To avoid these problems you can **synchronize** your observations. Synchronizing will
convert your irregular dataset **to a regular dataset** and an **easy origin** is chosen if possible.
(The origin is the first timestamp of your dataset.) Converting your dataset to a regular dataset is performed
by shifting the timestamp of an observation. For example, if a frequency of 5 minutes is assumed and the observation
has a timestamp at 54 minutes and 47 seconds, the timestamp is shifted to 55 minutes. A certain
maximal threshold needs to be set to avoid observations being shifted too much. This threshold is
called the tolerance and it indicates what the **maximal time-translation** error can be for one
observation timestamp.


Synchronizing your observations can be performed with he :py:meth:`sync_observations()<metobs_toolkit.dataset.Dataset.sync_observations>`
method. As an argument of this function you must provide a tolerance.

Example
---------
Let's take an example dataset with Netatmo(*) data. These data are known for having irregular
timestamps. On average the time resolution is 5 minutes. In the data file,
we can see that there are 4320 observational records. However, when we import it
into the toolkit, only 87 observational records remain:

(*) `Netatmo <https://www.netatmo.com/nl-be/smart-weather-station>`_ is a commercial company that sells automatic weather stations
for personal use.


.. code-block:: python

   #code illustration

   #initialize dataset
   your_dataset = metobs_toolkit.Dataset()

   #specify paths
   dataset.update_settings(
                           input_data_file=' .. path to netatmo data ..',
                           data_template_file=' .. template file .. ',
                           )
   #import the data
   dataset.import_data_from_file()

   print(dataset)

   Dataset instance containing:
        *1 stations
        *['temp', 'humidity'] observation types
        *87 observation records
        *0 records labeled as outliers
        *85 gaps
        *0 missing observations
        *records range: 2021-02-27 08:56:22+00:00 --> 2021-03-13 18:45:56+00:00 (total duration:  14 days 09:49:34)
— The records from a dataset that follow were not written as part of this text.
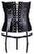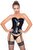 Stroppeløs helbryst-korsage fra Black Level i skinnende blank svart lakk, med juster- og avtagbare strømpestropper. Formspiler gir perfekt støtte og passform og den variable snøringa i ryggen er sexy blikkfang. Gjennomgående glidelås foran forenkler av- og påkledning. Enkel, matchende strengtruse i lakk medfølger.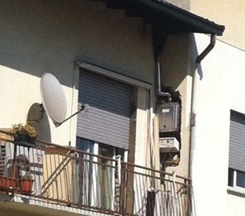 Simpatica caldaia “scolpita” in facciata con scarico fumi “quasi” a tetto…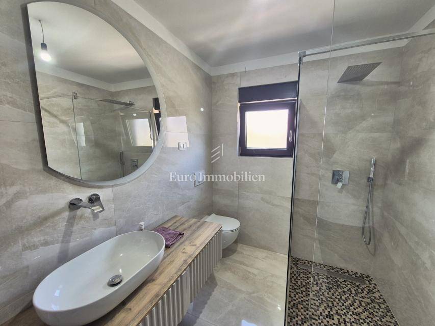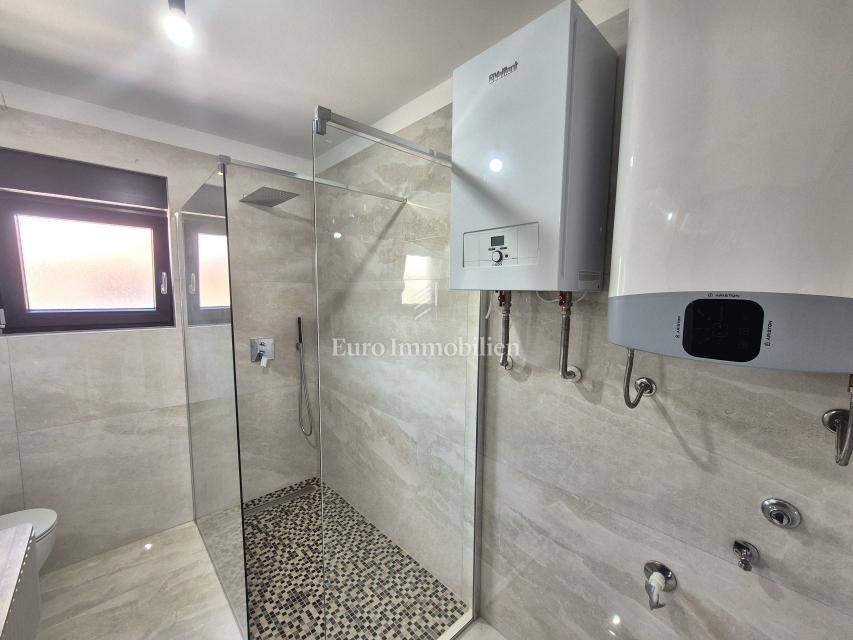 The apartment is located on the first floor of a residential building with a total of three residential units. It consists of a hallway, living room with access to a terrace with a beautiful view, kitchen and dining room, two bedrooms and two bathrooms. The property was built in 2023 and the highest quality equipment was used in the construction. The apartment is fully air-conditioned and has underfloor heating. It comes with one parking space with an electric vehicle charger. It is located in an excellent location in Malinska, approximately 650 meters from the sea.

The toolkit assumes a certain value for the frequency for each station. We can find this in the .metadf attribute:

.. code-block:: python

   print(dataset.metadf['dataset_resolution'])

   name
   netatmo_station   0 days 00:05:00
   Name: dataset_resolution, dtype: timedelta64[ns]


We can synchronize the dataset using this code example:

.. code-block:: python

   # Code illustration

   # Initialize dataset
   your_dataset = metobs_toolkit.Dataset()

   # Specify paths
   dataset.update_settings(
                           input_data_file=' .. path to netatmo data ..',
                           data_template_file=' .. template file .. ',
                           )
   # Import the data
   dataset.import_data_from_file(**testdata[use_dataset]['kwargs'])

   # Syncronize the data with a tolerance of 3 minutes
   dataset.sync_observations(tolerance='3min')

   print(dataset)

   Dataset instance containing:
        *1 stations
        *['temp', 'humidity'] observation types
        *4059 observation records
        *938 records labeled as outliers
        *0 gaps
        *92 missing observations
        *records range: 2021-02-27 08:55:00+00:00 --> 2021-03-13 18:45:00+00:00 (total duration:  14 days 09:50:00)


   # Note: the frequency is not changed
   print(dataset.metadf['dataset_resolution'])

   name
   netatmo_station   0 days 00:05:00
   Name: dataset_resolution, dtype: timedelta64[ns]


The :py:meth:`sync_observations()<metobs_toolkit.dataset.Dataset.sync_observations>` method can also
be used to synchronize the time series of multiple stations. In that case, the method works by trying to find stations with similar
resolutions, finding an origin that works for all stations in this group, and creating a regular time series.